WHAT NEEDS TO BE DONE
Reproduce, exactly and in full, the lines from the one with "- Let’s take" through the one with "Из рассказа очевидца." in the data below; drop pictures.

═════ MATERIAL TO PROCESS

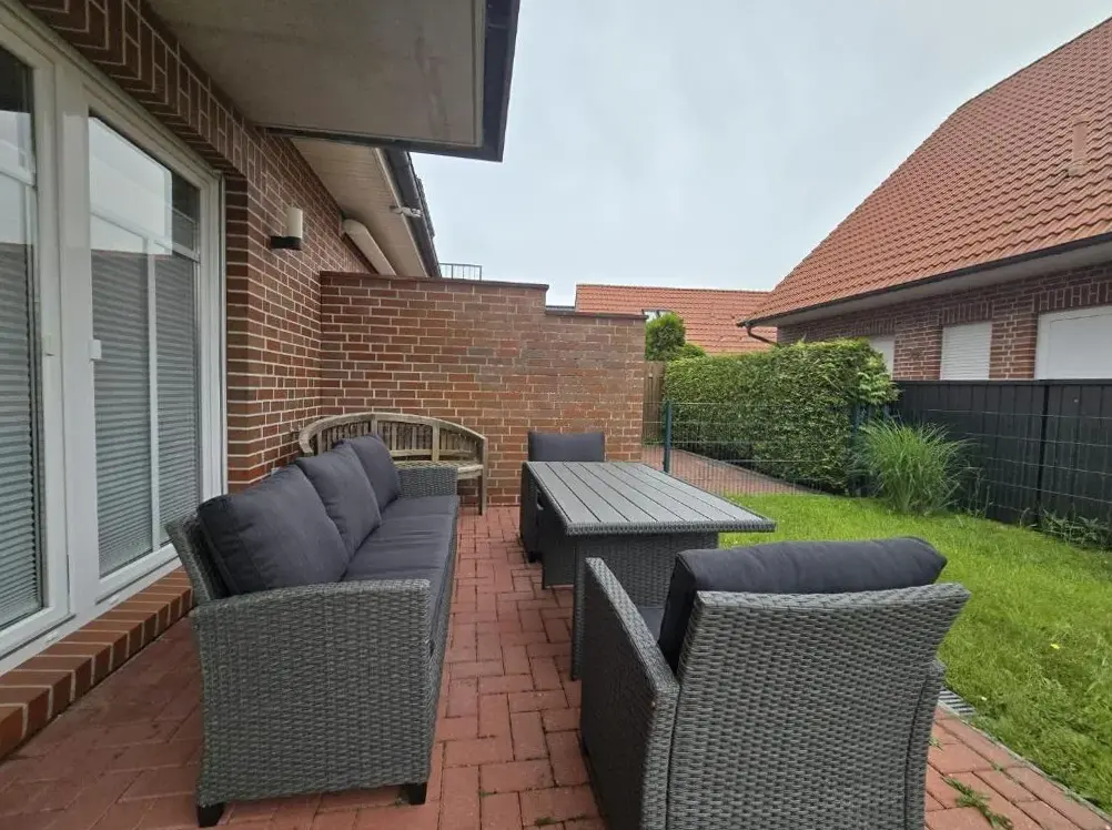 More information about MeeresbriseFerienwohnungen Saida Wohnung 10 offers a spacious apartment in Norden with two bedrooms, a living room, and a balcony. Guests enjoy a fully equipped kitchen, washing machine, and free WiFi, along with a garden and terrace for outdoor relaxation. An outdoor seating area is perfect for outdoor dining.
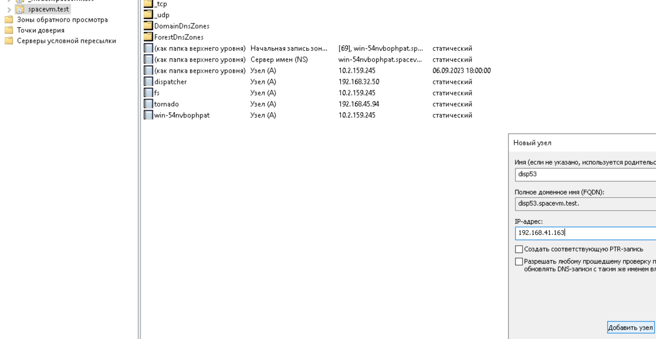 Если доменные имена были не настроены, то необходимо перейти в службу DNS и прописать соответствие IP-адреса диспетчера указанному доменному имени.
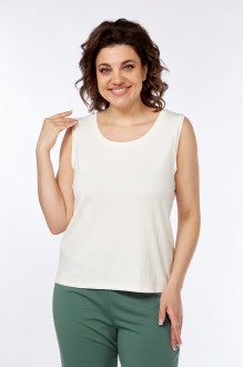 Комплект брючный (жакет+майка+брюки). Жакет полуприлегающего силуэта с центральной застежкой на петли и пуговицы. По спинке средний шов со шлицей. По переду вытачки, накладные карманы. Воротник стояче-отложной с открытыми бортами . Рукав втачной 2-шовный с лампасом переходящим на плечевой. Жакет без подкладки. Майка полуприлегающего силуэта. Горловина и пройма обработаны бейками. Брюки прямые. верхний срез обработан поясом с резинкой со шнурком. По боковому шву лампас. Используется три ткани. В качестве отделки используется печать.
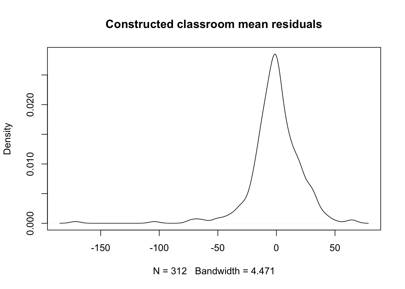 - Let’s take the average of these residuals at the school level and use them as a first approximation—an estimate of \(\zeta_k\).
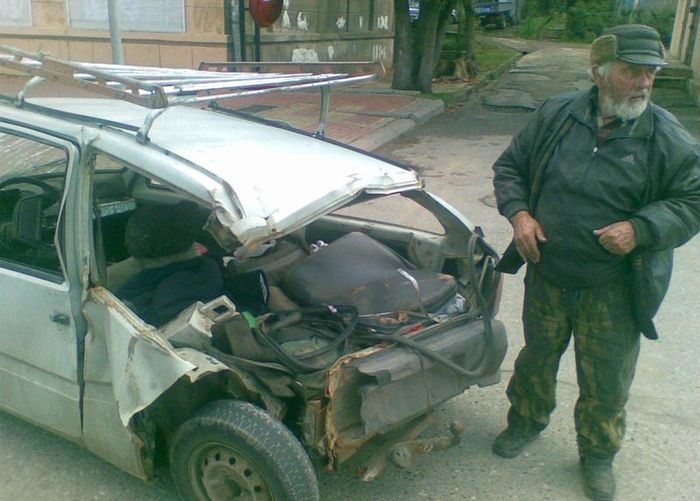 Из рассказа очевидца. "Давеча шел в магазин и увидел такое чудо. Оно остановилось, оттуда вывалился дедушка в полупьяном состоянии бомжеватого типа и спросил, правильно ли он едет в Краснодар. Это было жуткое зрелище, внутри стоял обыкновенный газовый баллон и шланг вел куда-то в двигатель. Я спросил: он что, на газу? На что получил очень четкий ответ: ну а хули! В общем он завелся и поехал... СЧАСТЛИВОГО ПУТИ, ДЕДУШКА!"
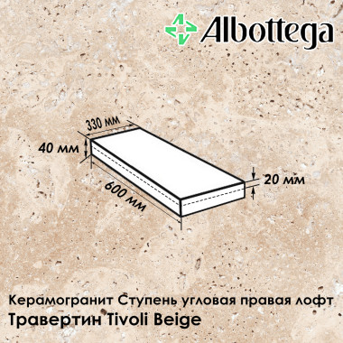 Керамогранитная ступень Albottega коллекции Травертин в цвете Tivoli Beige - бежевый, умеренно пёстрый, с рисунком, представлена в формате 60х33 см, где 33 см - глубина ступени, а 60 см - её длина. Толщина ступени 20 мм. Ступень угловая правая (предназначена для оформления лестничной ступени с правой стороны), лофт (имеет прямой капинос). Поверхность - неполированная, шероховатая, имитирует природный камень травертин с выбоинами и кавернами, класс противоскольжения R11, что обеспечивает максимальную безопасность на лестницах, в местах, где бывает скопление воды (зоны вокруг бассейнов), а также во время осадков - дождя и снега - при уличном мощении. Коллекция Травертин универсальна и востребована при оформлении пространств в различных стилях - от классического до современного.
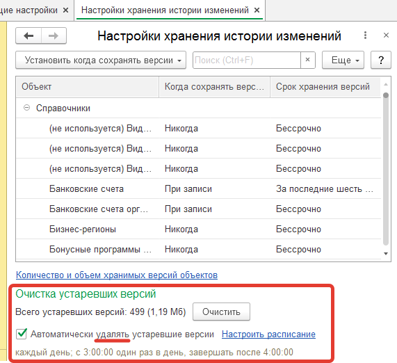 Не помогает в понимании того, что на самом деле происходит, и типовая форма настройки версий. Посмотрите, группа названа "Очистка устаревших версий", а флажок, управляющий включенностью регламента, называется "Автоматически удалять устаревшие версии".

══════════

EXERCISE RESPONSE
 - Let’s take the average of these residuals at the school level and use them as a first approximation—an estimate of \(\zeta_k\).
 Из рассказа очевидца. "Давеча шел в магазин и увидел такое чудо. Оно остановилось, оттуда вывалился дедушка в полупьяном состоянии бомжеватого типа и спросил, правильно ли он едет в Краснодар. Это было жуткое зрелище, внутри стоял обыкновенный газовый баллон и шланг вел куда-то в двигатель. Я спросил: он что, на газу? На что получил очень четкий ответ: ну а хули! В общем он завелся и поехал... СЧАСТЛИВОГО ПУТИ, ДЕДУШКА!"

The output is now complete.